Famous US-based Nigerian serial technology entrepreneur Olubukunmi Olufemu Damuren was recently in Nairobi for the inauguration of President William Ruto. Mr Damuren and his compatriot, Mr Eghosare Nahikhare, are the ultimate beneficial owners of RemX Capital Ltd, OIT Africa Ltd, Multigate Ltd and Pumicells Ltd, the companies, which own cash remittance platforms serving a lucrative remittance corridor linking mainly diaspora Nigerians to their country from bank accounts based in Kenya.

The four firms, which had been under investigations by anti-money laundering agencies, were recently cleared by the High Court. A total of Sh52 billion that had been frozen in their bank accounts for more than six months was defrosted.

When I caught up with him at a hotel lobby in Nairobi last week, Mr Damuren was more than eager to ventilate on a range of issues. These include his harrowing experience of enduring six months at the hands of Kenya’s criminal and anti-money laundering agencies, the political context and backdrop against which the probe was being conducted, disruption of business for six months and reputation damage and risk which the four companies were exposed to, and whether the four payment and remittance businesses had a chance of recovering.

Credible banks

Mr Damuren summed up his tribulations thus: You have been doing business in a country uninterrupted for a whole two years. Your business does not involve cash because all payments are done electronically, where all transactions can be tracked and traced. You have entered into payment collection agreements with big and credible banks in Kenya to enable you to ride on their online collection gateways for collections.

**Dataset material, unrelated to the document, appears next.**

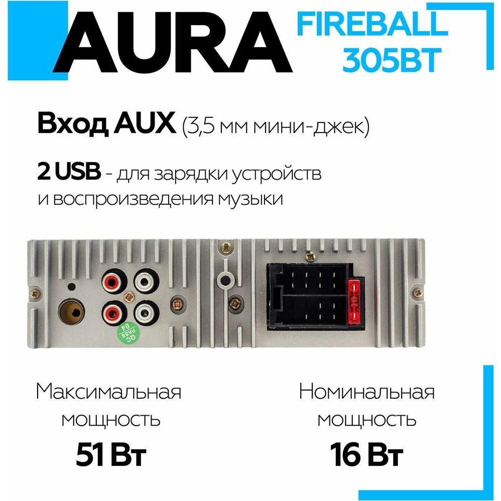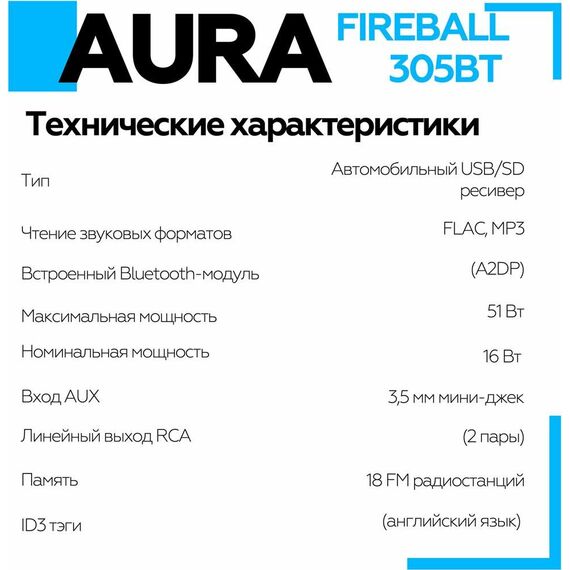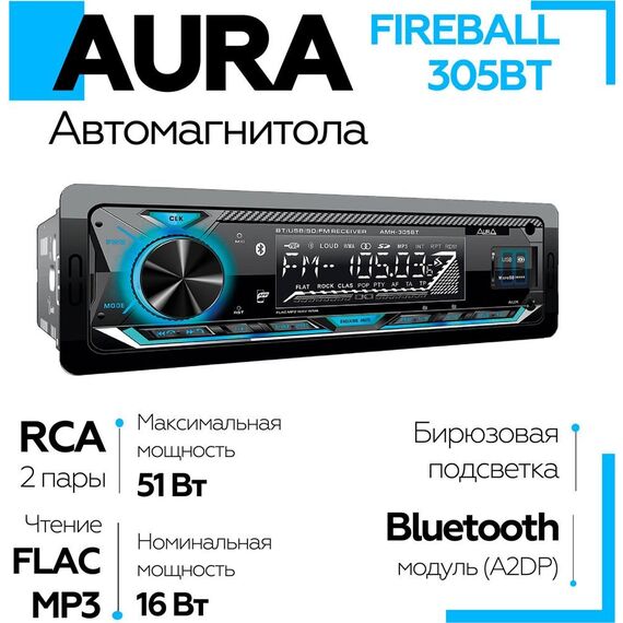 Автомагнитола AURA FIREBALL-305BT USB/SD ресивер

All payments are through commercial banks that are regulated and regularly inspected by the Central Bank of Kenya, and which must report all suspicious transactions to the Financial Reporting Centre.

Then you wake up one morning and you are told all your accounts have been frozen and that your companies are under investigation for money laundering. You are also accused of funding Dr Ruto’s campaign.

The local press has declared open season on you, publishing the allegations without nuance and inflating your alleged sins to biblical proportions. At one stage, the local press is awash with reports that your companies are under investigation by Interpol. But when Interpol writes to dispute that, you don’t hear another word in the media, even after the Directorate of Criminal Investigations (DCI) also confirms, in writing, that Interpol was not involved.

Six months later, the witch-hunt abruptly stops with the High Court declaring that no witches have been found. The DCI writes a letter stating: “I would like to confirm that the allegations of money laundering and card fraud made against the above entities and persons could not be established.” It  is followed by another from the Asset Recovery Agency (ARA) that says: “The Assets Recovery Agency hereby withdraws wholly the forfeiture applications on the company’s bank accounts.”

“Am I supposed to be happy that the courts have vindicated me?” Mr Damuren asked, the sarcasm undisguised. Mr Damuren said he was forced to source very expensive credit lines to complete payments during the six months his business was frozen. “Being accused of money laundering in the international financial space is like being accused of terrorism in the criminal justice space,” he remarked.

As we parted, several questions were in my mind. Is this a case of lack of skills and capacity in investigating complex digital transactions or a matter of overzealous application of anti- money laundering laws? Or is it a case of unintended consequences of enforcement of anti-money laundering laws and regulations?

Preventing money laundering is an imperative for banks. Yet the flip side is the risk of de-banking money transfer operators and disrupting activity in major remittance flow corridors. This is a big policy question for Kenya because remittances have in recent years surpassed tea, coffee, tourism and horticulture as our biggest foreign exchange earners.

Overzealous application of anti-money laundering laws may inadvertently lead to diversion of transactions from more to less transparent channels. Wholesale profiling of major diaspora remittance flow corridors must be avoided. Many Nigerian entities in the remittance space have been complaining of authorities here profiling them. An authoritative source informed me the other day that President Muhammadu Buhari himself made calls to Nairobi to intervene on behalf of Nigerian firms.

Several years ago in the UK, we saw a number of government agencies teaming up to save the Somali corridor of diaspora flows from collapse. In the US, legislators passed the Money Remittances Improvement Act in a bid to reduce the regulatory burden on money remittance platforms. There are major policy implications here.